The disparity in numbers across the states and tiger reserves is an indication of many sorts. For example, the biggest tiger reserves don’t hold the highest number of tigers; the ones with inviolate spaces, better prey-base density etc., do. Tiger is an indicator species, an animal which talks about the health of the forest and the ecosystem. When a tiger is removed from the tiger-forest, the forest gets degraded due to a variety of factors, the major one being human-activity. Conversely, human-activity can degrade a tiger-forest when the tiger refuses to stay in that forest.

26 tiger reserves out of 50, have a population of less than 20 tigers each. These numbers have been consistent over the census period of 16 years (from 2002 to 2018). Since tigers are prolific breeders, and are sexually active from an age of around 4 years till 14 or even 15 years, with each tigress delivering around 2 – 5 cubs every two years, not only does the poor population in the 26 tiger reserves suggest that certain factors are limiting the numbers – poaching, poisoning, habitat destruction or infighting are killing tigers, but also the fact that these tigers are least connected with other tiger reserves. Absolute tiger numbers are also not very useful for the proliferation – what’s needed is a breeding population. So, the status of the 26 tiger reserves is also an indication of the falling breeding units and thus the falling tiger health of that reserve.

At around 2 years of age, the cubs separate from the mother; females take-over a part or the whole of the mother’s territory, sometimes displacing the mother or getting displaced, while males move away from the mother’s territory. Tigers undertake migrations (moving to a different place, hundreds or even thousands of Kilometres away) which benefit them in many ways such as preventing an inbreeding depression.
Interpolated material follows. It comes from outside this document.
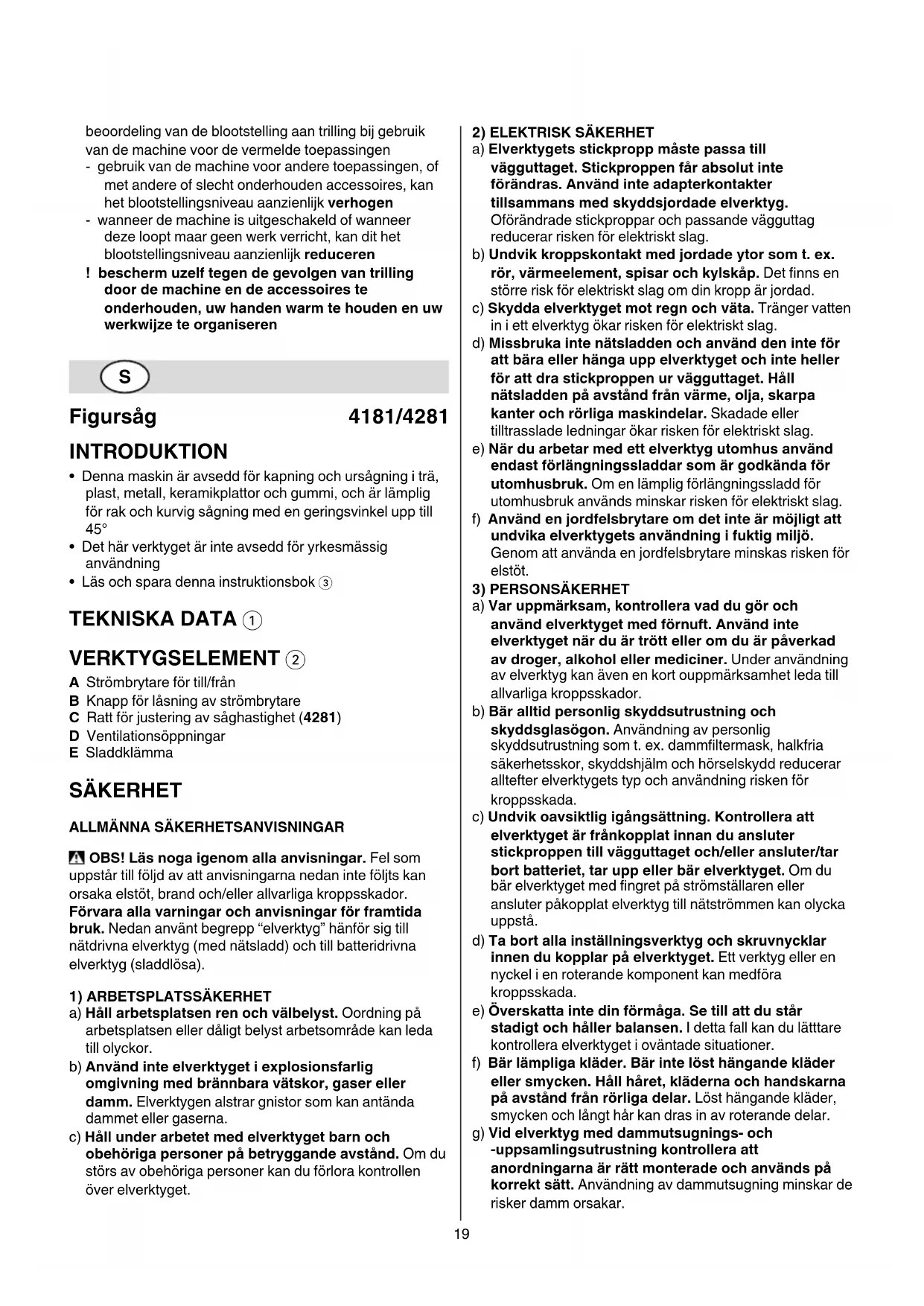 SÄKERHET ALLMÄNNA SÄKERHETSANVISNINGAR OBS! Läs noga igenom alla anvisningar. Fel som

As already mentioned, centuries of ruthless hunting and poaching shifted the populations into single digits in many tiger reserves. Additionally, humans have blocked the traditional migration corridors creating islands with isolated populations. When tigers migrate across forests, there is an exchange of genetic material. When tigers are constricted to isolated Tiger Reserves, they will mate among themselves and create an inbreeding depression (a low genetic diversity), specifically when the isolated populations are very low.

Current populations are born from the relict and isolated population of the 1970s or the 80s, which means that atleast seven to eight generations of tigers (where ever isolated populations exist) have already been inbreeding.
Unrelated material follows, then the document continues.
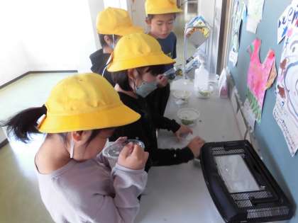 3年生 幼虫に変化が! 公開日 2023/05/15 更新日 2023/05/15 3年生 理科の学習で育てている幼虫に変化がありました。何か殻のようなものに入り固くなっています。土日の間、家に持ち帰ってお世話をした人も変化に気付いて持ってきました。帰る前も、自分のアオムシの様子を見に行っていました。どのように成長するのか楽しみです。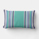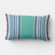 ターコイズ、ネイビーブルー、コーナストライプフラワーブルー、オフホワイトで幅の異なる垂直を備えた屋外の腰枕。パティオやプールサイドに理想的な夏パターン。

In 2013, for a research paper ‘How much gene flow is needed to avoid inbreeding depression in wild tiger populations’ scientists developed a tiger simulation model and used published levels of genetic load in mammals to simulate inbreeding depression. They found that introducing tigers from different lineage to the inbred population had no effect on the population viability and that the likelihood of extinction is more than 90% over the next 20 years, specifically in isolated pockets with a very low number of tigers.
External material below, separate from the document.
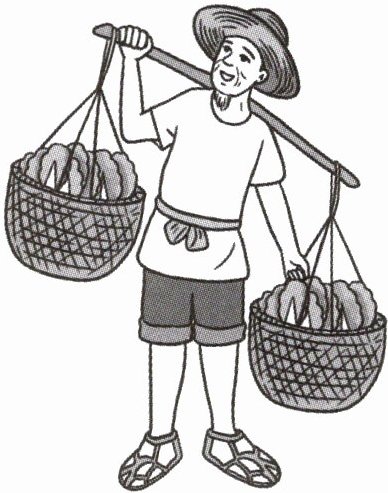 夏日的早晨,爷爷( )着草帽,( )着草鞋,( )起箩筐,准备去集市上卖菜。

A few of the tiger reserves with populations to the order of 100 are so disconnected with others even when they are in close proximity. For ex, Tadoba-Andhari Tiger Reserve in Maharashtra state and the surrounding forests of Gadchiroli and Brahmapuri with around 150 tigers is a couple of hundred Kms away from Kawal Tiger Reserve in Telangana state. Every year, Kawal gets a migrating population of 10-20 tigers. But they either seem to return or are poached, but they don’t prefer to stay in Kawal, which in itself is an indication of the health of the forest in terms of prey-base or water or alleviated human activity inside the forest. Tigers can migrate even thousands of Kms as proven by Walker (C1), a tiger born in Tipeshwar Wildlife Sanctuary (between Tadoba and Kawal) and that migrated to Dhyanaganga wildlife sanctuary, closer to Melghat Tiger Reserve, covering a distance of 1300 Kms over 3 months. Walker initially migrated to Kawal before retracing his route and finally settling in Dhyanaganga.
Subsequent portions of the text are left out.